That resulted in the Appellant instituting an application against the
Respondent on the 30 August
2018 seeking an order for the provisional
sequestration of the Respondent’s estate.
[8]
The
Court a quo
essentially made two findings being the basis
on which the application for provisional sequestration was dismissed,
namely, that
the Respondent disputed his indebtedness towards the
Appellant on reasonable grounds and that on the facts of the case,
the Respondent’s
estate is not factually insolvent.
[9]
I proceed hereunder to set out the version of the Respondent to show
or establish whether he disputes
the indebtedness to the Appellant on
bona fide
and reasonable grounds.
[10]
The Respondent in his answering affidavit disputes that he is
indebted to the Applicant in the amount she
is claiming. The
Respondent stated that in terms of the settlement agreement, he was
placed in possession of the assets of MediVet
which included the
debts and loan accounts owed to the former partnership. According to
the Respondent the Appellant was indebted
to the partnership in a
substantial amount and that this debt passed to him and has to be set
off against any amount he may be
indebted to the Appellant. That at
the time of divorce the livestock and game were valued in excess of
R13 000 000.00
which was a common error which induced the
settlement agreement. That the settlement agreement does not reflect
the true intention
of the parties.
[11]
It is the Respondent’s contention that the livestock and game
were overvalued, the value of the partnership
assets was incorrect
and that the value of the Appellant’s share was also incorrect.

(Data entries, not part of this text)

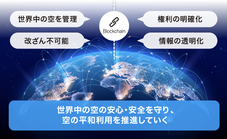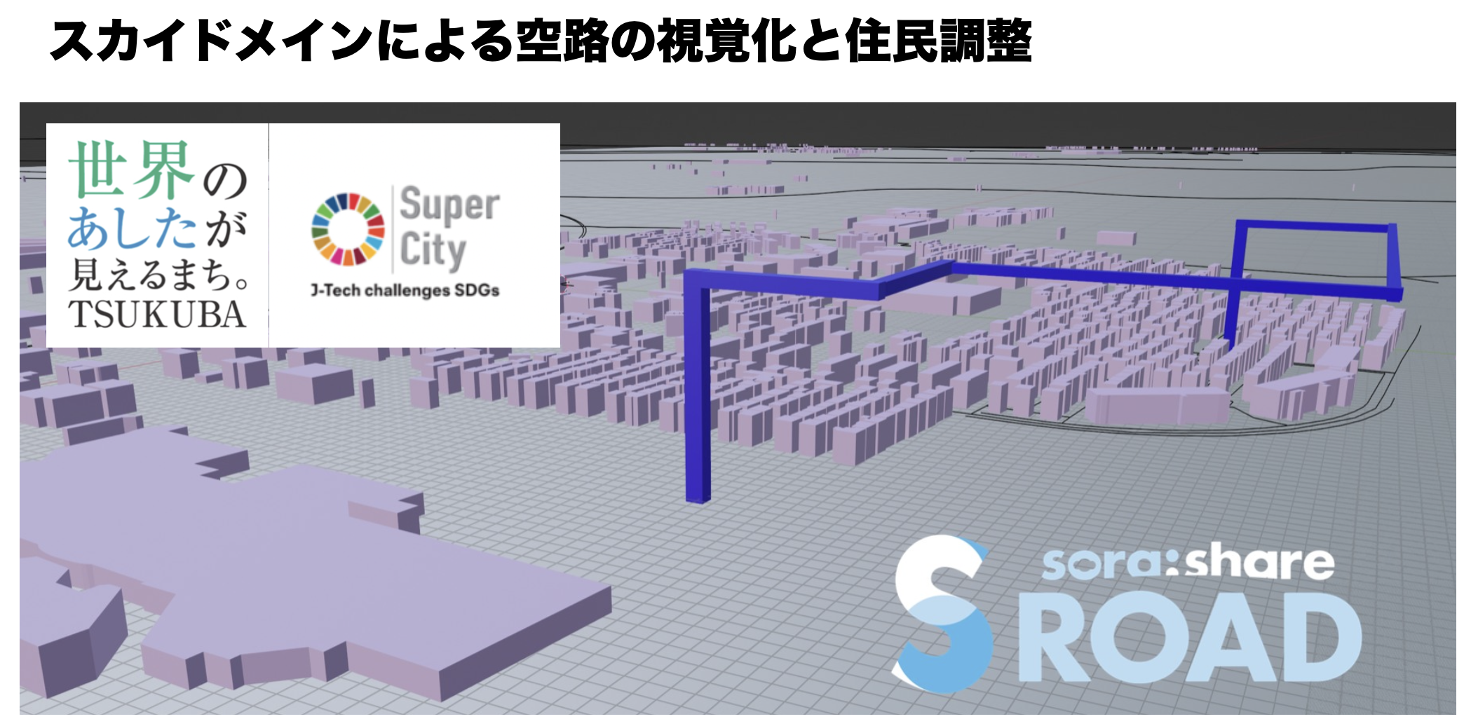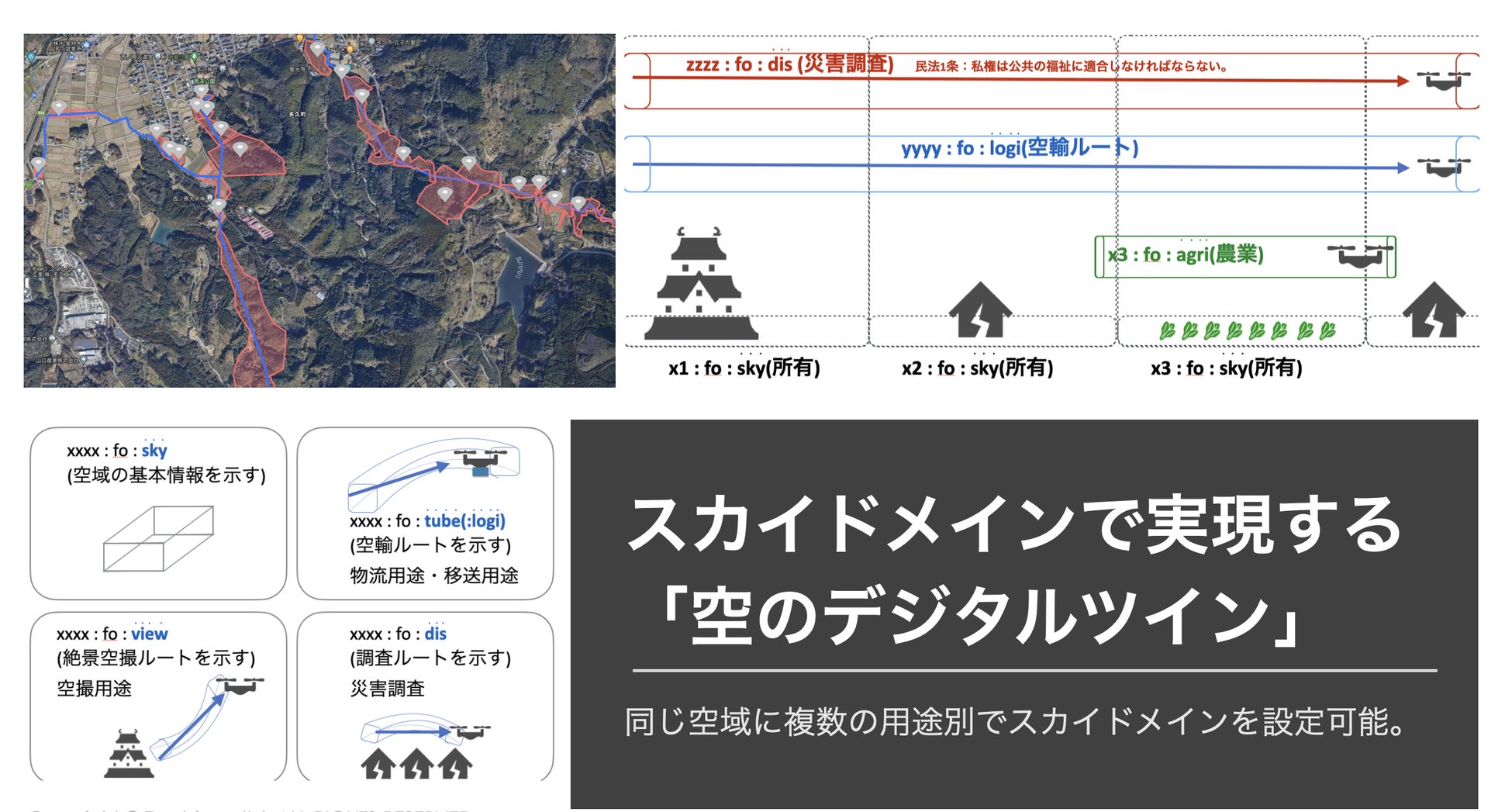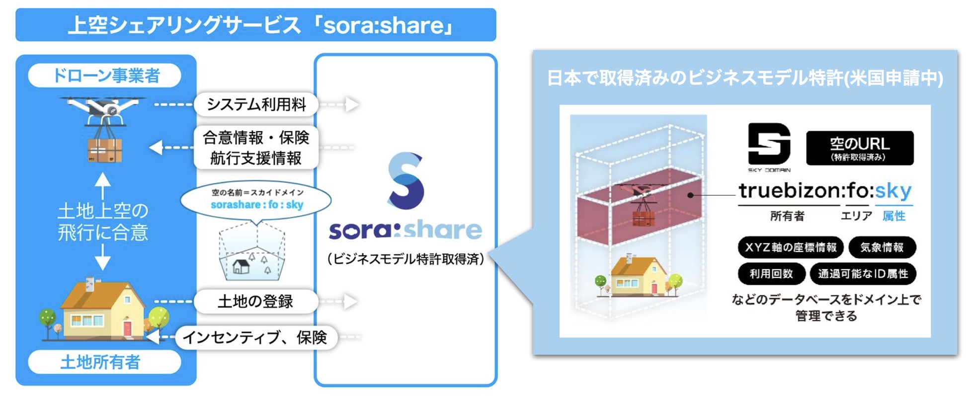ソラシェアには3次元空間(緯度・経度・高度のデータセット)に名称を与える「スカイドメイン」という仕組みを導入し、世界中の空を識別します。空のURLともいうべき「スカイドメイン」に紐づくデータベースには、空域の3次元情報以外にもドローン飛行の合意状況、インセンティブの内容から、土地所有者や管理者の情報、平均風速や気象などのリスク要素に至るまで格納でき、それらの情報には必要に応じて外部からのアクセスも可能な設計となっています。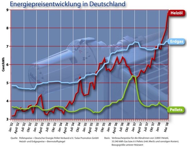 Der niedrige Preis bei Holzpellets ist teilweise „historisch“ bedingt: Der durch massive Nachfrage ausgelöste steile Preisanstieg Ende 2006 hat das Vertrauen der Verbraucher in die Preisunabhängigkeit vom Erdöl schwer beschädigt. In der Folge ist der Absatz von Pellet-Heizkesseln extrem rückläufig gewesen. Gleichzeitig hat die Branche in die Produktionskapazitäten und Lieferfähigkeit massiv investiert, sitzt nun aber auf Überkapazitäten. Bis Ende Mai war beim Absatz von Pellet-Heizkesseln nur eine leichte Steigerung gegenüber dem (besonders schlechten) Vorjahr zu verzeichnen. Mit den Preisgarantien vieler Hersteller können Verbraucher allerdings die gewünschte Unabhängigkeit vom Rohölpreis auf mehrere Jahre erreichen (siehe unten).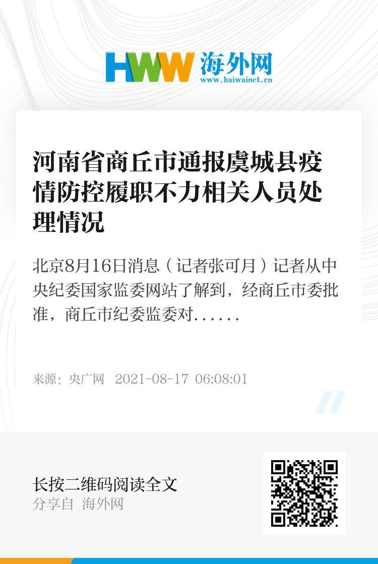 央广网北京8月16日消息(记者张可月)记者从中央纪委国家监委网站了解到,经商丘市委批准,商丘市纪委监委对虞城县疫情防控履职不力问题进行调查,根据调查情况对相关人员失职失责问题进行处理。通报如下: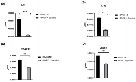 qRT–PCR analysis of the mRNA levels. Changes in the relative expression in the HUVEC line after 72 h pretreatment with 50 µg/mL spirulina of (A,B) pro-inflammatory cytokines (IL-8 and IL-1β) and (C,D) vascular biomarkers (VEGFR2 and VEGFA). The values are mean ± SEM of three independent experiments, normalized by the expression of GAPDH. The p-value was calculated by a t-test with 0.001 ≤ p ≤ 0.1. (* p < 0.05, ** p < 0.01, *** p < 0.001).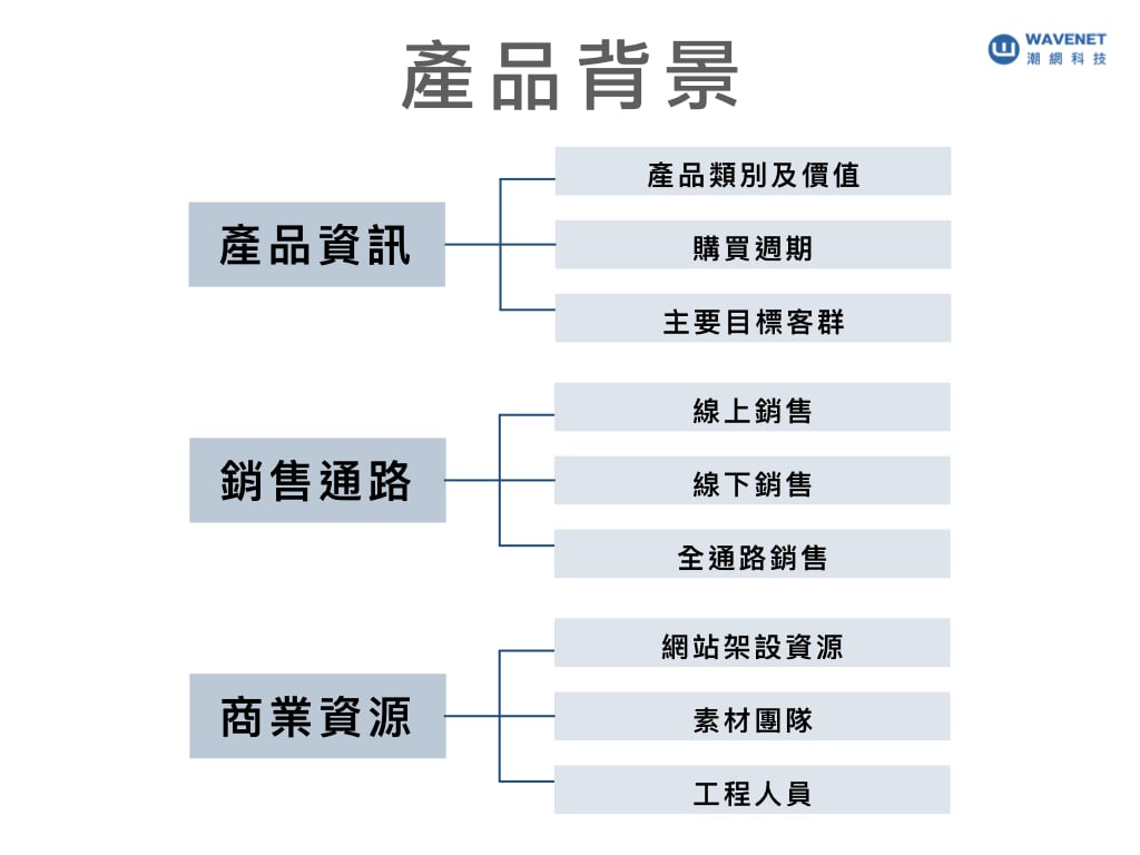 一、產品資訊:產品類別及價值、購買週期、主要目標客群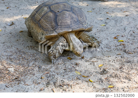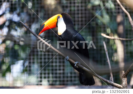The Painted Stork bird (Mycteria leucocephala) in garden
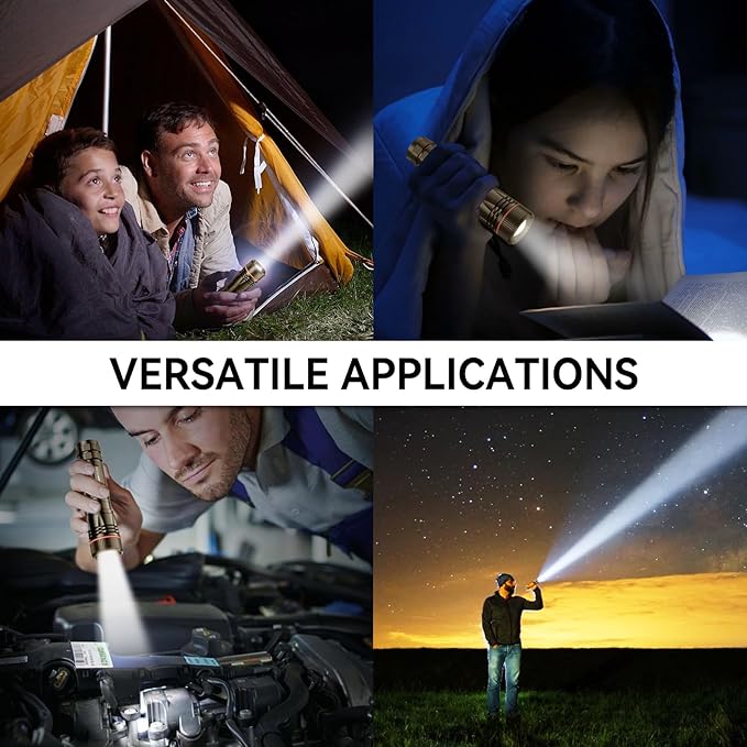 - Tactical Compact Flashlights: These small flashlights with 4.7’’ height and 106g, lightweight enough to carry comfortably and easily fit in your pocket, backpack, purse or car console compartment, ensuring convenient storage and quick access. Keep at home for emergency backup or to use outside, such as dog walking, camping, hiking, fishing, etc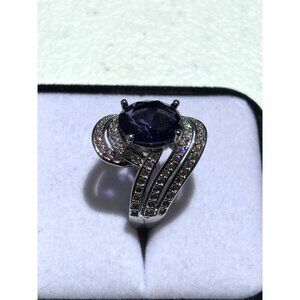Silver-Tone Faux Amethyst & Crystal Accent Swirl Cocktail Ring Size 10 Elegant S

This resulted in him undertaking to
pay for assets which were not
worth R13 000 000.00 based on an incorrect reflection of
the assets value.
[12]
It is common cause that the Respondent has instituted an action
against the Appellant in the Northern Cape
Division of the High Court
of South Africa, Kimberley setting aside the relevant portions of the
settlement agreement on the ground
that the settlement agreement is
invalid due to a common error. This action is still pending.
[13]
On the issue of factual insolvency, the Respondent denies that he is
insolvent and stated that his assets
exceed his liabilities. He
stated that his personal assets excluding MediVet are valued at
R9 438 669.00 and has attached
a copy of his private
financial statement as at 28 February 2018. He stated that he is
presently the sole owner of MediVet which
has assets in the total
value of R10 338 591.60 and has attached the financial
statement to that effect. He stated that
the current value of
livestock and game is R3 186 500.00. He owns immovable
property valued at R780 000.00. His
close corporation of which
he is the sole member, Investgil Fifteen CC, owns two properties, one
valued at R980 000.00 and
the other at R3 850 000.00.
Valuation certificates in respect of all the aforementioned assets
have been attached to
his answering affidavit.
[14]
The total value of his aforementioned assets amount to
R28 573 760.50. According to the Respondent,
none of the
immovable properties or his interest in Investgil Fifteen CC were
ever taken into consideration by the Appellant when
the application
for his sequestration was launched.
[15]
The Appellant’s contention that she has a liquidated claim
against the Respondent in an amount of R10 944 000.00
is
countered by the Respondent’s contention that the said claim is
being disputed on
bona fide
and reasonable grounds.
[16]
The Respondent argued that the Appellant’s application for
provisional sequestration of his estate
is an attempt by the
Appellant to unfairly and unlawfully exact payment in terms of a
settlement agreement which has been made
an order of court. The
Respondent submitted that to the extent that the R13 000 000.00
was to be paid over a period of
time, the very basis of the agreement
was that the Respondent would sell livestock from time to time and
pay the periodic payments
from the proceeds of the sale of the
livestock. According to the Respondent, the Appellant does not
dispute that the undertaking
to pay R13 000 000.00 over a
period of time was entirely predicated on the sale of the
partnership’s assets to
raise sufficient funds to make payment.
The Respondent denies that the letters he wrote to the Appellant
indicate an inability
to pay, but was to bring it to the attention of
the Appellant of his intention to pay from the proceeds of certain
animals. With
regard to the sheriff’s returns dated 31
st
January
2017 and 30
th
March 2018 the Respondent argued that both
returns of service are unclear and contradictory. The first return
states that it was
handed over to a Ms Elize Kruis, a worker in
charge, whilst the second return states that the game was pointed out
by a certain
Mr Kobus, the farm manager. It is the Respondent’s
contention that the sheriff seems to have attached game that have
already
been sold, and seems also not to be based on what was pointed
out to him or found, but rather on a list that was provided to him.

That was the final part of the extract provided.